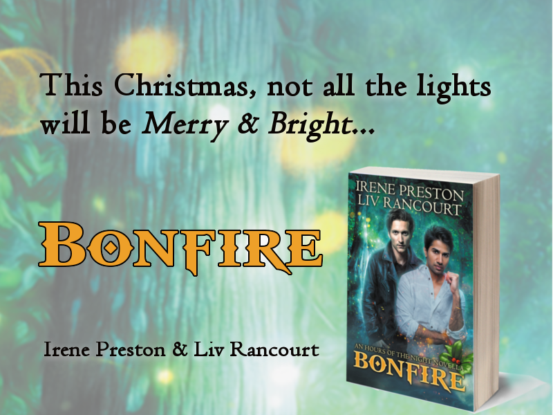 Russell's got some work to do before his two weeks in Seattle are over, don't you think? Hopefully I'll soon have some good news about Aqua Follies and you can read it for real. In the meantime, Irene and I have another giveaway running to celebrate the release of Bonfire, our m/m paranormal holiday story. If you want to learn more about Bonfire, jump HERE.
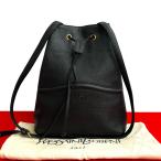 極 美品 袋付 YVES SAINT LAURENT イヴ・サンローラン ヴィンテージ YSL ロゴ エンボス 巾着 レザー 本革 ショルダーバッグ ブラック 145-2
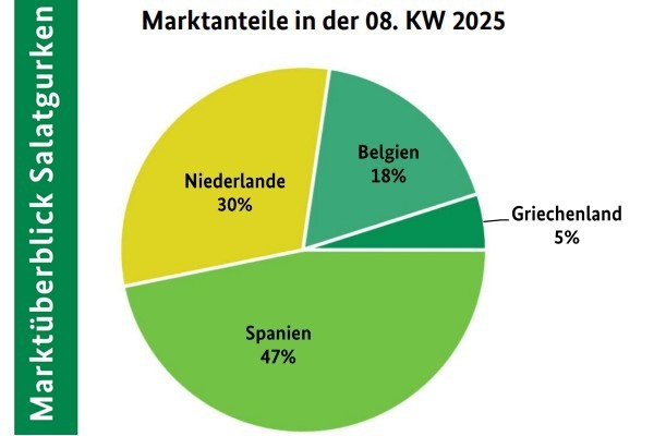 De Spaanse aanvoer van komkommers domineerde de markt en overtrof die van Nederland. Belgische zendingen vormden een aanvulling op het aanbod, terwijl er ook enkele Griekse leveringen beschikbaar waren in München. Over het algemeen bleef de beschikbaarheid beperkt, vooral doordat de Spaanse leveringen afnamen, mogelijk als gevolg van recente promoties in de detailhandel. Volgens de BLE kon hierdoor niet overal aan de vraag worden voldaan, wat leidde tot stijgende prijzen.
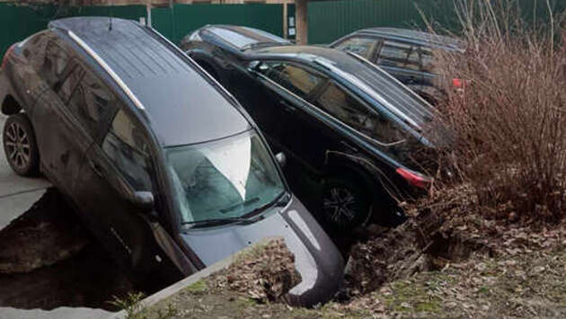 "Страна.ua": несколько машин провалились под асфальт в центре Киева
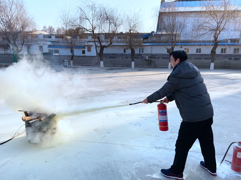 刘建忠首先向参训人员重申了火灾的严重危害性,要求大家时刻警醒,努力消除安全隐患,维护学校安全。刘建忠详细讲解了灭火器的使用方法,并现场示范灭火,参训人员最后进行了实际操作。
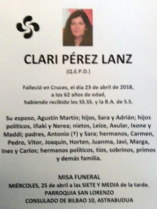 Ayer por la tarde, falleció en Astrabudua, donde resídia la desojana, Clari Pèrez Lanz. Tenía 62 años. Muy joven para morir.
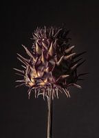 Kardoen (Cynara cardunculus) behoort tot de vergeten groente en is familie van de artisjok. Een plant uit het Middellandse Zeegebied. Wordt nog steeds gegeten in Zuid-Europa en dat al vanaf de 4e eeuw voor Christus. Oeroud dus. Prachtige planten die veel ruimte vragen met mooi grijs viltig blad. Tijdens de bloei trekken ze vlinders, bijen en hommels aan. Hier afgebeeld een laat exemplaar, komt nauwelijks meer in bloei, maar wel prachtig om te drogen, met veel subtiele tinten.
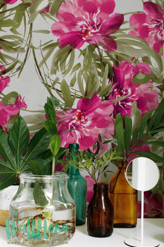 Watercolour Peonies Temporary Wallpaper Wallpaper Removable Wall
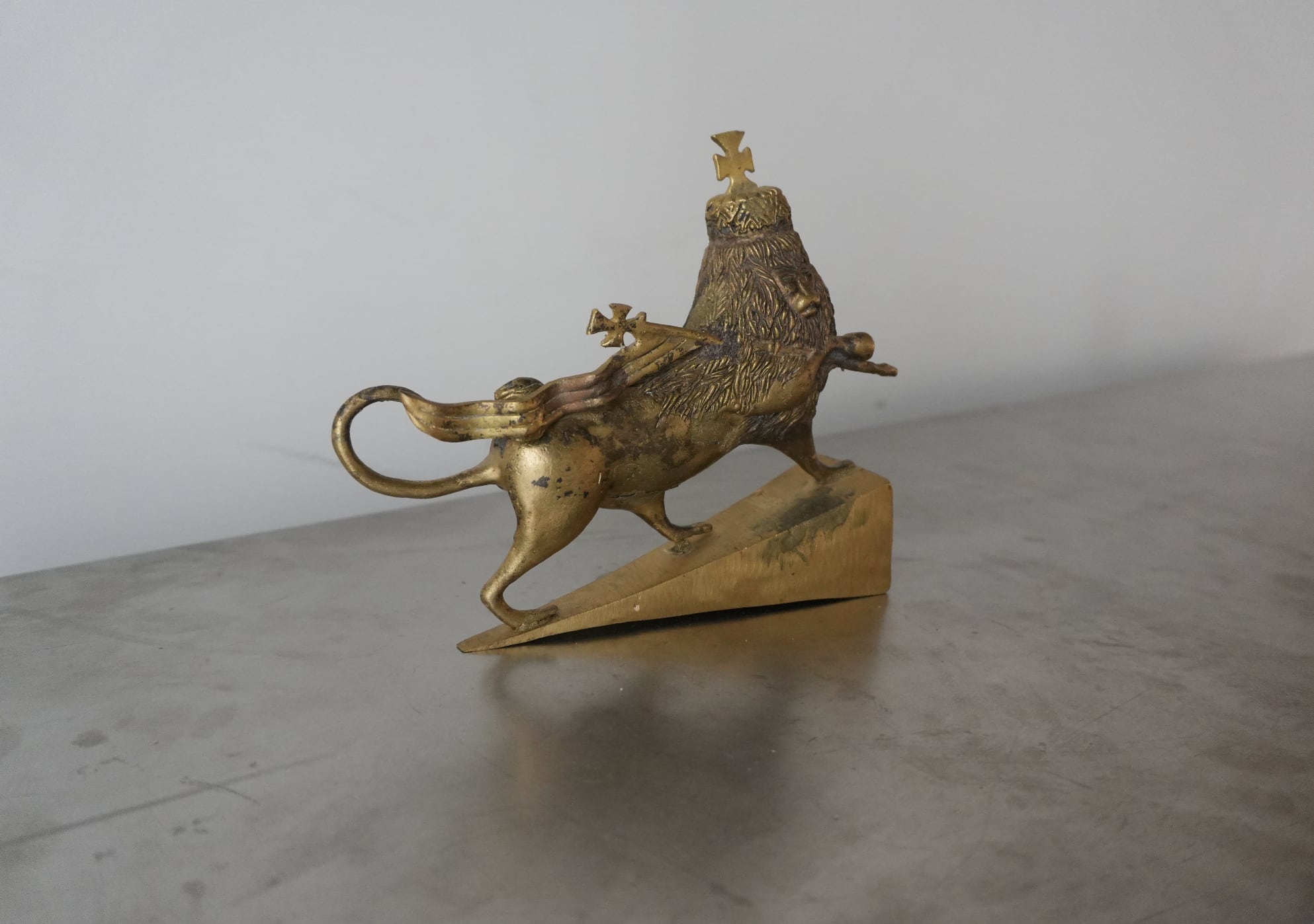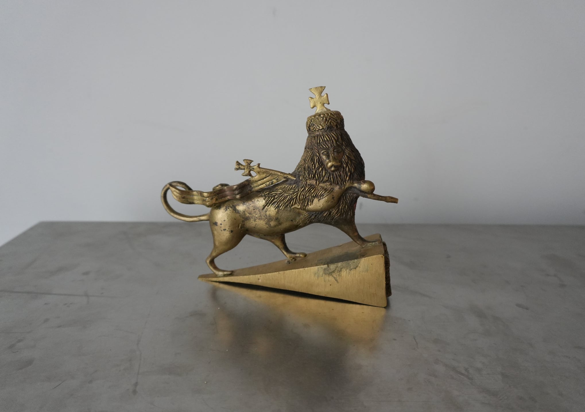 頭上のクラウンは皇帝の権威を、クロスはエチオピア正教会との深い結びつきを表しています。エチオピアはアフリカで最も長い独自のキリスト教の歴史を持つ国であり、このオブジェにはその文化的な厚みが凝縮されています。
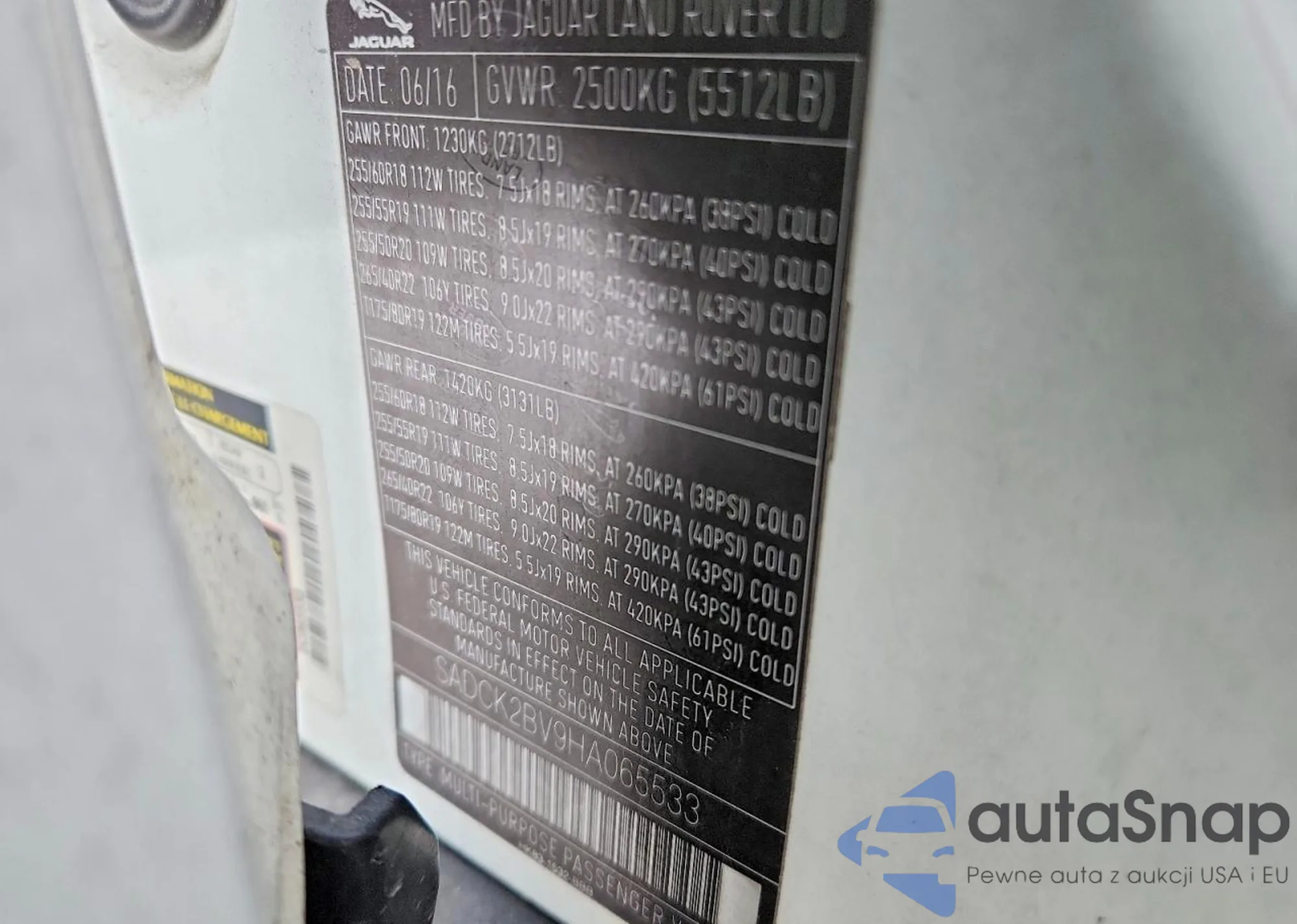 Samochód Jaguar F-Pace 2017 (VIN SADCK2BV9HA065533) sprzedaje go niezweryfikowany sprzedawca. Zalecamy raport Carfax i potwierdzenie możliwości rejestracji pojazdu przed zakupem.
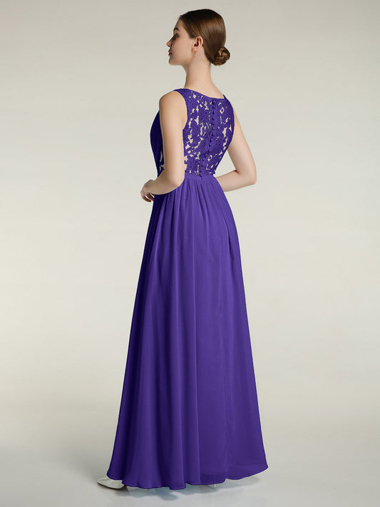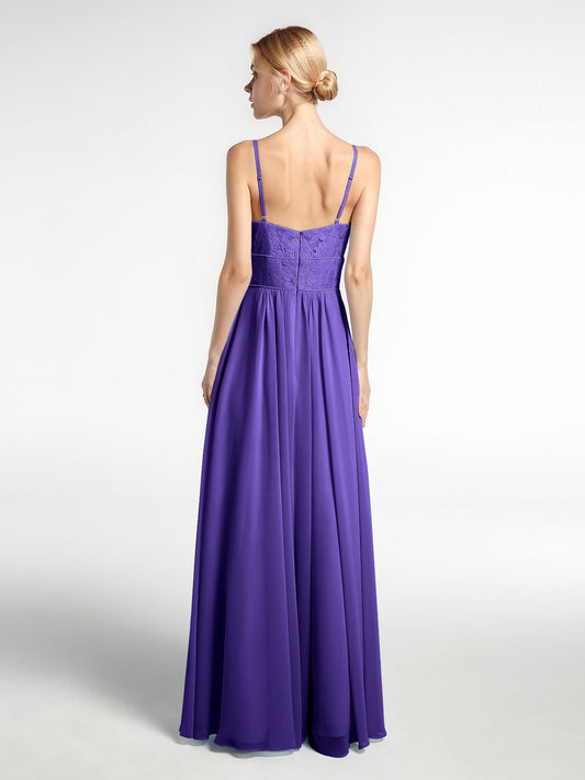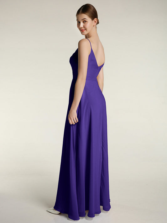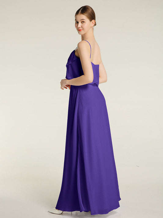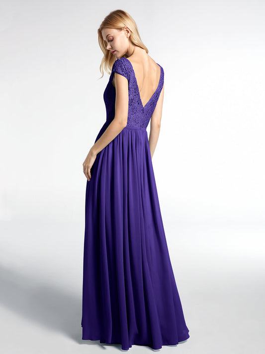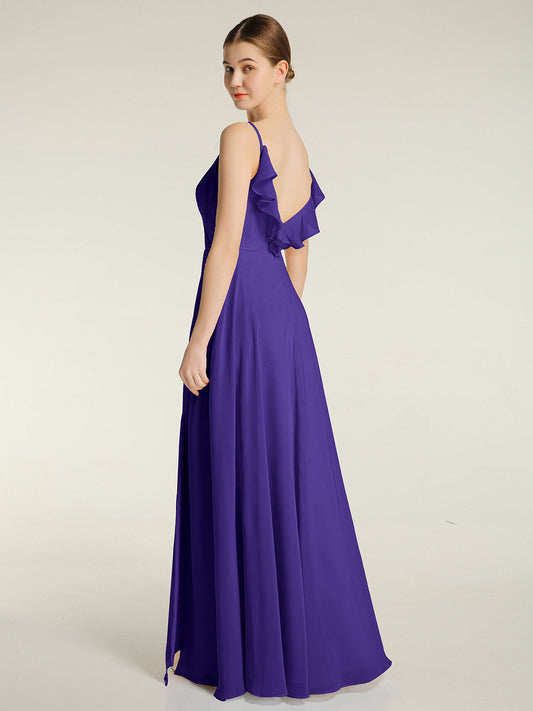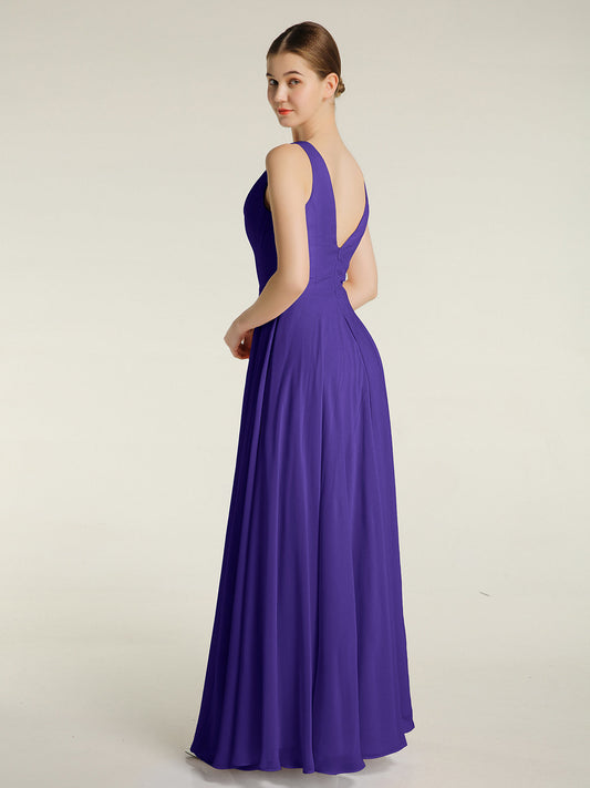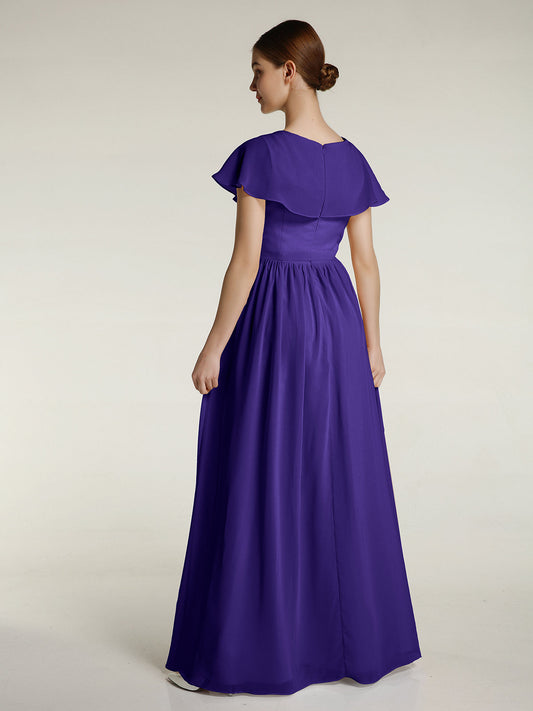 Babaroni MariaVestidos largos de chiffon de cuello en Y para damas de honor Regencia
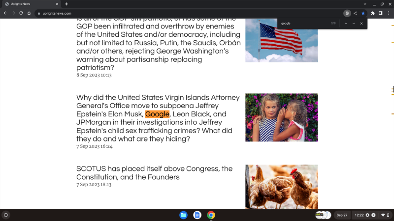 Here's another example from 09/28/2023, using our phone, of Google failing to propose our news publication, but proposing all sorts of other things instead, and yet the marketing claim was that in 10 minutes, we'd have a complete website that was Google optimized. It's been months Google, and "UpRights News" has been SEO optimized projecting no less than over 1000 searchable references to "UpRights News", including in Google specific SEO applications. Why can't you always find us Google? Why don't we always populate most of your first pages of results like we do in DuckDuckGo? Why aren't you recommending us Google? What happened to our business profile and $500 in Google ad credits you promised Google? You verified us, so where is our business listing Google? We think you should rename your company Zero.
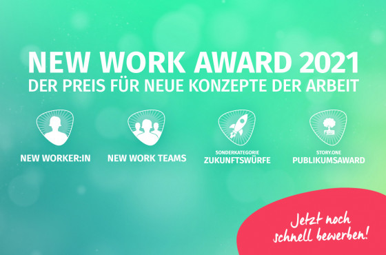 Die Bewerbungsphase für den NEW WORK Award geht in den Endspurt. Bis zum 10. August sind Bewerbungen in den Kategorien NEW WORKER:IN, NEW WORK TEAMS und ZUKUNFTSWÜRFE noch möglich. Neu ist der NEW WORK PUBLIKUMSAWARD in Kooperation mit der Plattform story.one, der die besten persönlichen New Work-Geschichten auszeichnet. Hier erfahrt Ihr, wie Ihr Euch einen der begehrten Preise sichern könnt.
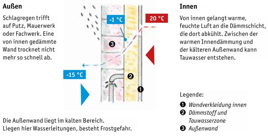 Kurz erklärt: Warme Luft kann mehr Feuchtigkeit aufnehmen als kalte. Die warme Raumluft kühlt in Richtung Außenwand ab, das Wasser kondensiert. Bei einer Innendämmung liegt diese „Tauwasserzone“ innerhalb der Dämmschicht (siehe Zeichnung unten): Es kann zu Feuchteschäden kommen.
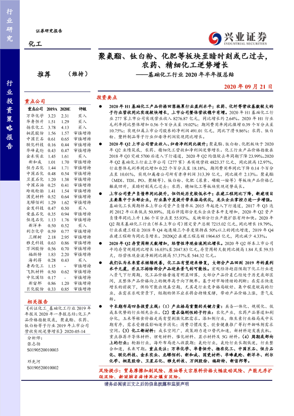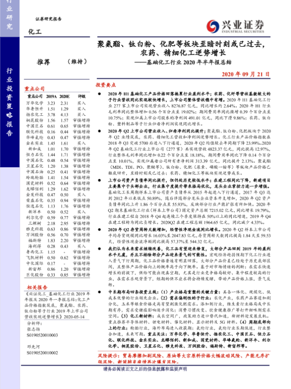 【兴业证券】【20200921】基础化工行业2020年半年报总结:聚氨酯、钛白粉、化肥等板块至暗时刻或已过去,农药、精细化工逆势增长-44页
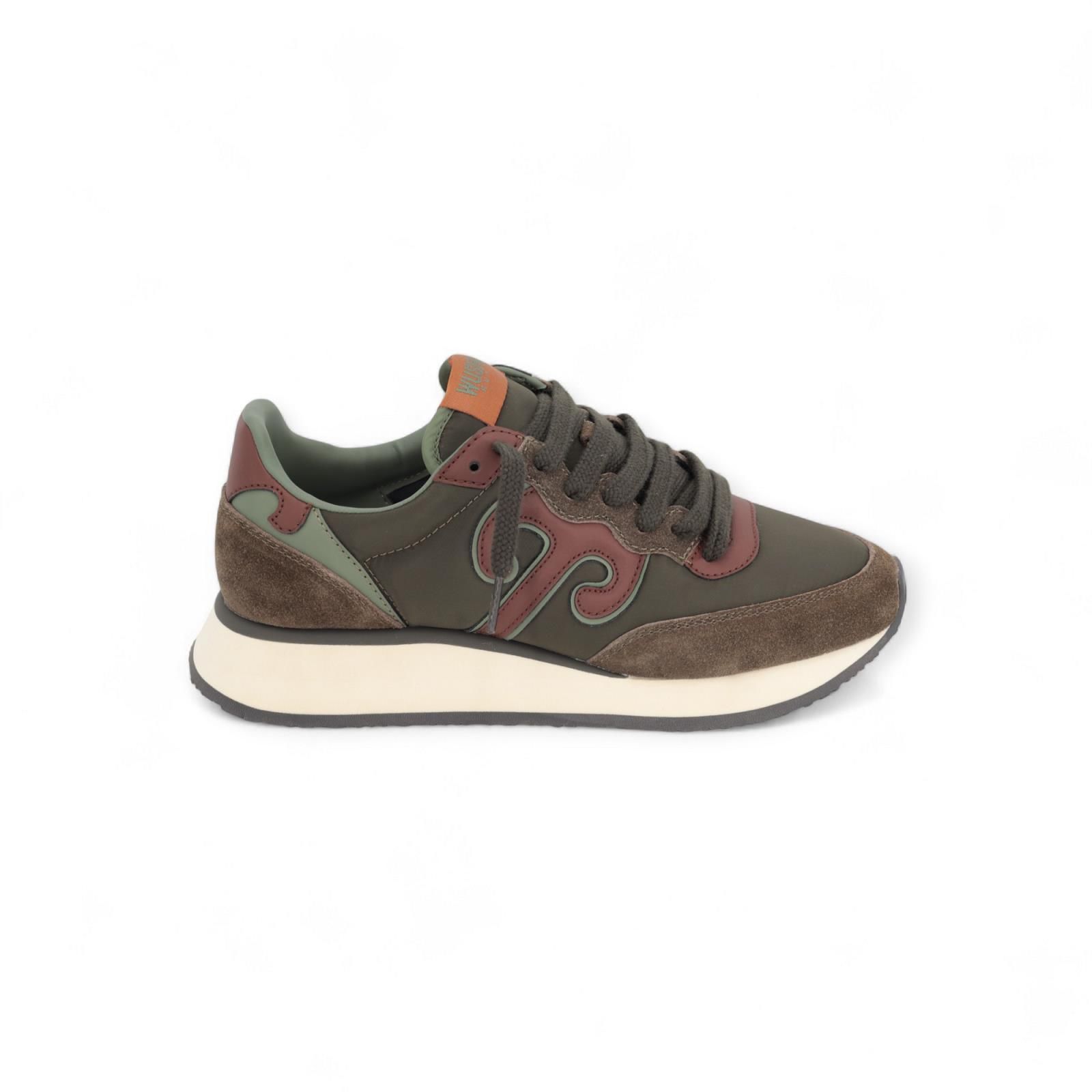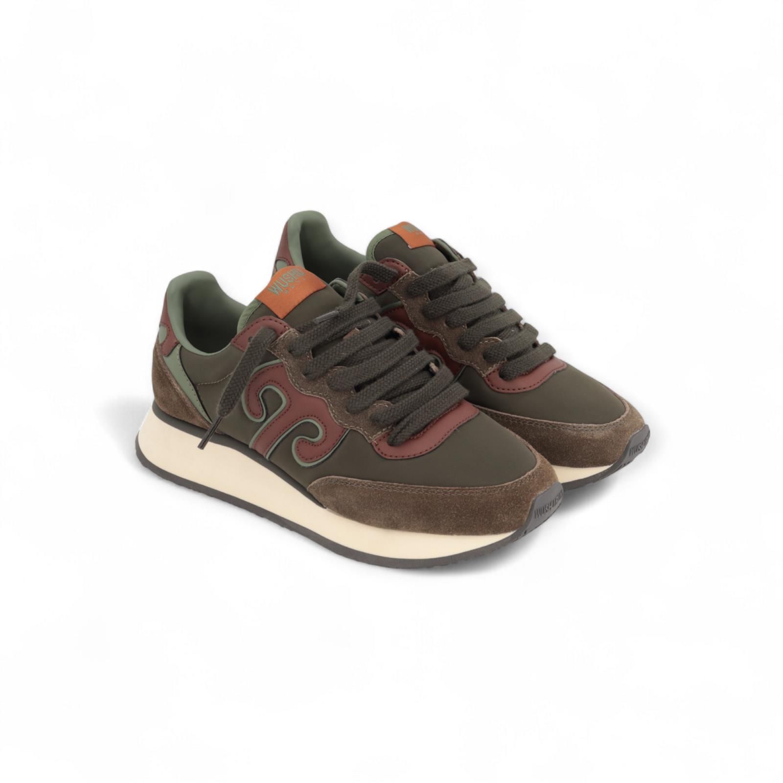 Sneaker Art Master van Wushu Ruyi voor heren. Deze runner is uitgevoerd in groen en bruin nylon met lederstukken. Aan de zijkant van de schoen vind je hun kenmerkende RUYI teken: het Chinees symbool van geluk. Is op zool van 4cm en heeft een uitneembare binnenzool. Extra toegevoegd: muntgroene veter.

—————

◆ **Task requirements**
Reproduce the listing above from the line that holds "Watercolour Peonies Temporary" through the line that holds "Die Bewerbungsphase für", both included, with the pictures left out.

◆ **The answer**
 Watercolour Peonies Temporary Wallpaper Wallpaper Removable Wall
 頭上のクラウンは皇帝の権威を、クロスはエチオピア正教会との深い結びつきを表しています。エチオピアはアフリカで最も長い独自のキリスト教の歴史を持つ国であり、このオブジェにはその文化的な厚みが凝縮されています。
 Samochód Jaguar F-Pace 2017 (VIN SADCK2BV9HA065533) sprzedaje go niezweryfikowany sprzedawca. Zalecamy raport Carfax i potwierdzenie możliwości rejestracji pojazdu przed zakupem.
 Babaroni MariaVestidos largos de chiffon de cuello en Y para damas de honor Regencia
 Here's another example from 09/28/2023, using our phone, of Google failing to propose our news publication, but proposing all sorts of other things instead, and yet the marketing claim was that in 10 minutes, we'd have a complete website that was Google optimized. It's been months Google, and "UpRights News" has been SEO optimized projecting no less than over 1000 searchable references to "UpRights News", including in Google specific SEO applications. Why can't you always find us Google? Why don't we always populate most of your first pages of results like we do in DuckDuckGo? Why aren't you recommending us Google? What happened to our business profile and $500 in Google ad credits you promised Google? You verified us, so where is our business listing Google? We think you should rename your company Zero.
 Die Bewerbungsphase für den NEW WORK Award geht in den Endspurt. Bis zum 10. August sind Bewerbungen in den Kategorien NEW WORKER:IN, NEW WORK TEAMS und ZUKUNFTSWÜRFE noch möglich. Neu ist der NEW WORK PUBLIKUMSAWARD in Kooperation mit der Plattform story.one, der die besten persönlichen New Work-Geschichten auszeichnet. Hier erfahrt Ihr, wie Ihr Euch einen der begehrten Preise sichern könnt.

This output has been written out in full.